Using an Airbrush Pen for Layer-by-Layer Growth of Continuous Perovskite Thin Films for Hybrid Solar Cells

In this manuscript we describe hybrid heterojunction solar cells, having the device architecture glass/indium tin oxide/poly(3,4-ethylenedioxythiopene)/poly(styrenesulfonic acid)/perovskite/[6,6]-phenyl-C61-butyric acid methyl ester/C60/2,9-dimethyl- 4,7-diphenyl-1,10-phenanthroline/Al, fabricated using lead halide perovskite obtained through spray-coating at a low precursor concentration. To study the relationship between the morphology and device performance, we recorded scanning electron microscopy images of perovskite films prepared at various precursor ratios, spray volumes, substrate temperatures, and postspray annealing temperatures. Optimization of the spray conditions ensured uniform film growth and high surface area coverage at low substrate temperatures.

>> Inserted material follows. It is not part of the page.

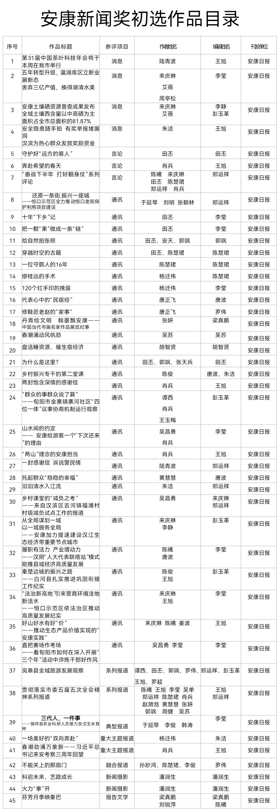 經(jīng)過3月20日編委會(huì)推薦、社黨委研究決定,擬推薦以下45件新聞作品參評(píng)2023年度“安康新聞獎(jiǎng)”。公示時(shí)間從2024年3月21日至2024年3月27日,公示期5個(gè)工作日。如有不同意見,請向安康日報(bào)社機(jī)關(guān)紀(jì)委、新聞管理部反映。

Lead halide perovskite solar cells prepared under the optimal conditions displayed an average power conversion efficiency (PCE) of approximately 9.2%, with 85% of such devices having efficiencies of greater than 8.3%. The best-performing device exhibited a short-circuit current density of 17.3 mA cm–2, a fill factor of 0.63, and an open-circuit voltage of 0.93 V, resulting in a PCE of 10.2%. Because spray-coating technology allows large-area deposition, we also fabricated devices having areas of 60 and 342 mm2, achieving PCEs with these devices of 6.88 and 4.66%, respectively.